There is a legend that while sitting at a Paris cafe an admirer sees Picasso sketching on a napkin. As Picasso gets up to leave the admirer asks Picasso if she can have the drawing. Picasso agrees, and requests a million Francs. The admirer complains and says “It only took you five minutes to draw.” Picasso replies, “No, it took me a lifetime to draw.”
Every four years I am catapulted back in time as I watch the Olympic Games. I am reminded that thousands of hours went into each jump, stroke, pass, throw, step. As spectators, we see seconds or possibly minutes of a performance that took a lifetime to achieve. One foot fault, one bad stroke, one penalty, or one bad decision in thousands of hours can sometimes define entire careers…if we let them.
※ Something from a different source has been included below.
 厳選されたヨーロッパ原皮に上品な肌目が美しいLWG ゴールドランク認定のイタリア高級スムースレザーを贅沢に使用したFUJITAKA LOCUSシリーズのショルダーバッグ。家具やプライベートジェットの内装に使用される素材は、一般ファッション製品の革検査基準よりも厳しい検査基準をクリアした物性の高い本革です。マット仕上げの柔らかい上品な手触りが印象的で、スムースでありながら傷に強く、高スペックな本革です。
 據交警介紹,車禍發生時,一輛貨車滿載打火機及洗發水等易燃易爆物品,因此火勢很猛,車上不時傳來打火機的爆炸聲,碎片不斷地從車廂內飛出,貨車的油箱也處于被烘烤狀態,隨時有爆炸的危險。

Just like that Brody Malone, missed the high bar while performing a full-twisting layout Tkachev. Just like that Jade Carey fell out of bounds while doing a front tuck into a roundoff back handspring. Just like that Torri Huske won the gold while Gretchen Walsh won the silver in the Women’s 100m Butterfly. In a matter of seconds, we saw that even with thousands of hours of hard work, practice, dedication, and talent that only about 0.000001560845334% (one one millionth of one percent) of human beings possess, the desired outcome of a performance is not guaranteed!
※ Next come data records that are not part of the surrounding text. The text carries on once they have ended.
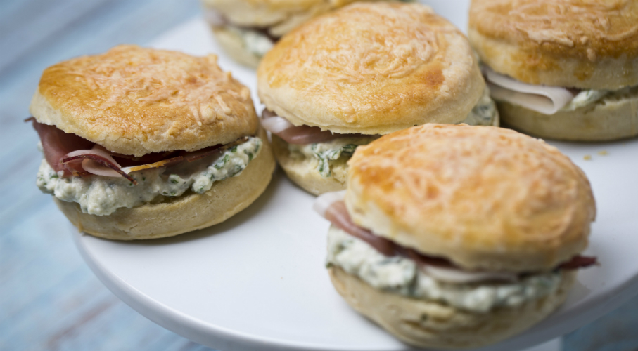 A tésztához a lisztet elmorzsoljuk a hideg vajjal. Hozzáadjuk a sütőport, a sót, a tejet, a tejszínt és egy tojást. Begyúrjuk, kinyújtjuk, kiszaggatjuk pogácsaszaggatóval. megkenjük a tojással és megszórjuk a reszelt sajttal. 190 fokon 10-15 perc alatt megsütjük a pogácsákat. A sajtkrémet kikeverjük az aprított zöldfűszerekkel. A kettévágott zöldfűszeres sajtkrémmel megkenjük a scone-okat és egy-egy szelet sonkát teszünk rá.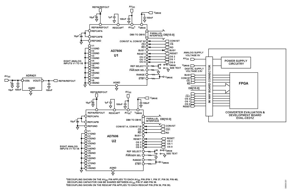 This circuit note describes details of the recommended PC board layout for applications using multiple AD7606 devices. The layout is optimized for channel-to-channel matching and part-to-part matching and will help reduce the complexity of calibration routines in high channel count systems. The circuit provides the ability to use the AD7606 2.5 V internal reference when channel-to-channel matching is important or an external ADR421 precision high accuracy (B grade: ±1 mV max), low drift (B grade: 3 ppm/°C max), low noise (1.75 μV p-p, typical, 0.1 Hz to 10 Hz) reference for high channel applications that require excellent absolute accuracy. The low noise and the stability and accuracy characteristics of the ADR421 make it ideal for high precision conversion applications. The combination of the two devices yields a level of integration, channel density, and accuracy that is unsurpassed in the industry.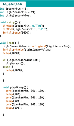 The first code we created was for the GO space. This code would read a light sensor, and if the light sensor was blocked would make a sound to indicate that one should collect the $200 that comes with passing GO.This code began by initializing the necessary pins, then setting the light sensor as an input and the speaker as an output. We were then able to create an if statement which would read the value of the light sensor every 1000 milliseconds, and do one of two things depending on the reading. If the value was above 20, the sensor would simply delay an additional 1000 milliseconds before trying again. However, if the value was below 20 the speaker would sound tone 261 for 100 milliseconds three times.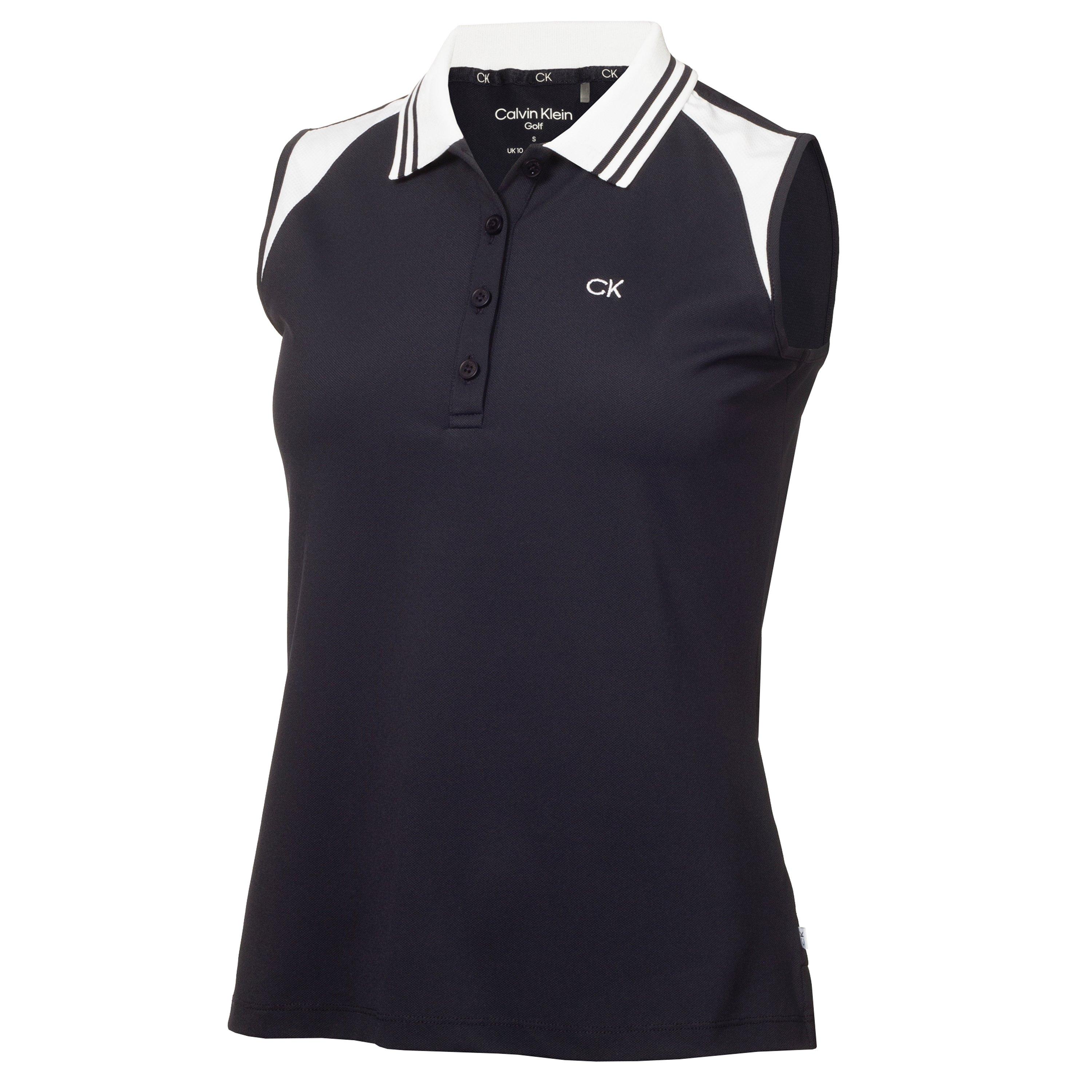 Calvin Klein Golf's Women's Sleeveless Performance Polo Shirt delivers athletic style with technical function. Made with moisture-wicking fabric and a sleek collarless design, it offers unrestricted movement for optimal performance on the course.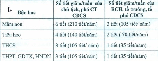 Lưu ý: Việc giảm tiết dạy hằng tuần cho cán bộ kiêm nhiệm công tác công đoàn có thể ảnh hưởng đến phân công giảng dạy cho những người trực tiếp đứng lớp. Do đó, các cơ sở có thể áp dụng linh hoạt bằng việc bố trí tiết giảm dồn vào một số buổi trong tháng, trong học kỳ, trong năm học hoặc thanh toán tiền thừa giờ.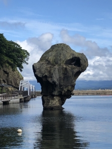 瓶子岩 かつてニシン漁が盛んだった江差に伝わる「折居伝説」のなかに出てくるのが、この「瓶子岩」。 かもめ島に入ったらすぐに真っ赤な鳥居と共に見えます。 祭りの時にはふんどし姿の男性が数人この岩に上っている様子を写真でみました。
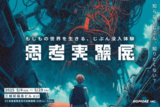 没入型体験エンターテイメントやイマーシブコンテンツを提供する株式会社NO MORE(本社:東京都渋谷区、CEO 佐田晋一郎)は、もしもの世界を生きる、じぶん没入体験『思考実験展』の開催と、先行体験可能な研究員になれるクラウドファンディングでの支援者募集開始を発表いたします。

I’ve had my own “Just like that” moment, in 2000 I lost the US Olympic Trials in the Men’s Single Sculls, by .33 of second…and just like that I wasn’t going to the Sydney Olympics, and that could have been it. However, in watching Brody Malone win a bronze medal in the Men’s Team All-Around, after his mishap, and in watching Jade Carey win gold in the Women’s Team Artistic All-Around, after her fall I was reminded of some other things that happened “Just like that.” In 2000, after losing the Olympic trials, just like that I won the Diamond Challenge Sculls at Henley Royal Regatta, and four years of solid intense training later, just like that in 2004 I finished 6th at the 2004 Athens Olympics.
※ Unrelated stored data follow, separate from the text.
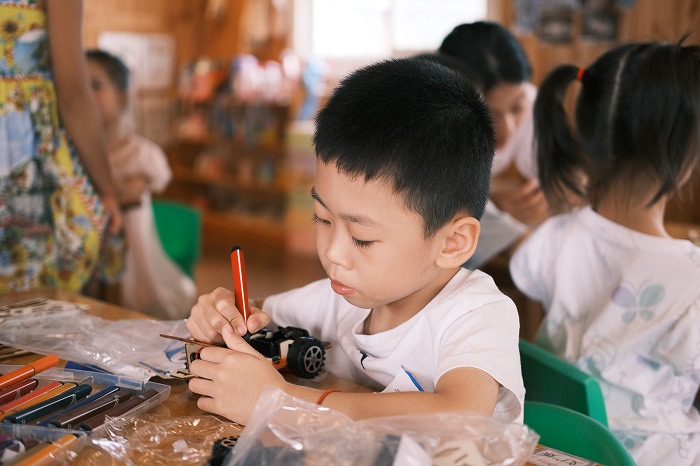 小朋友認真組裝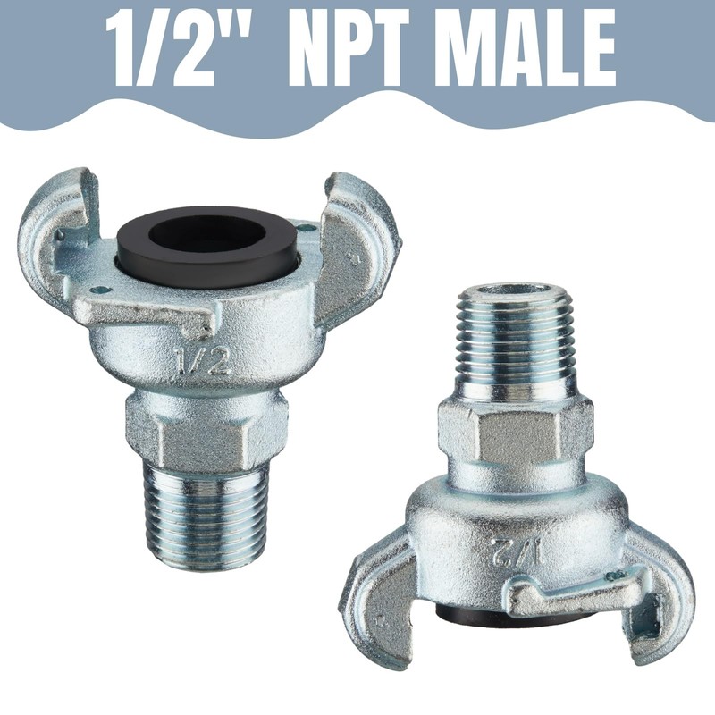Therwen 4 Sets 1/2 inch Chicago Air Fittings NPT Iron Air Hose Fitting 2 Lug Universal Coupling for Female and Male End(Male End)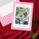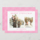 Create your own custom photo Christmas cards featuring two of your family pictures alongside personalized minimalist typography name and year on a cute pink gingham plaid pattern background.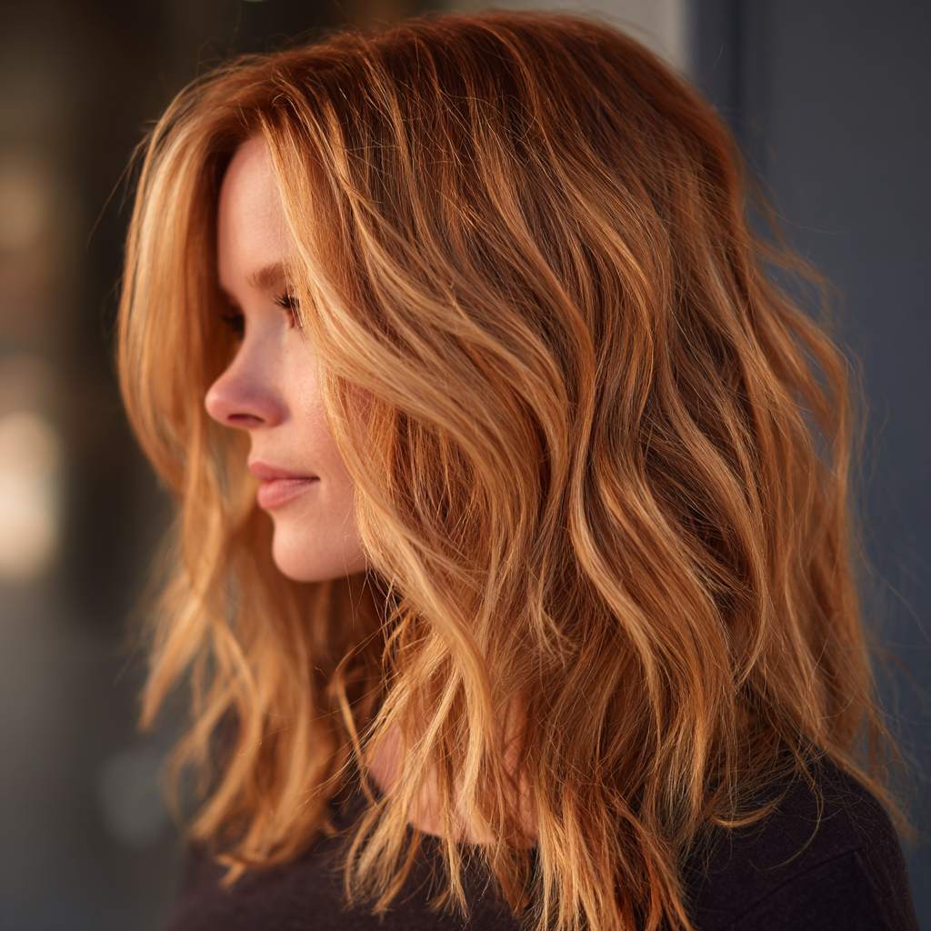 This soft, dimensional color mix adds richness and natural depth to red hair. The auburn lowlights deepen the tone, while blonde highlights illuminate the strands, creating a sun-kissed finish. It’s elegant, timeless, and ideal for medium-length haircuts like layered lobs or wavy shags.

So what do mishaps in pursuit of Olympic Glory have to do with the price of a picture by Picasso in Paris? Well as athletes we have to remember that even our worst performances are masterpieces, the outcome of a single event in time is not guaranteed. Things can change “Just like that” and what we know and believe about ourselves is what is most important, we must always value ourselves. In the end, our failures are just mere moments among a multitude of minutes, they are part of the story, but they are not the entire picture.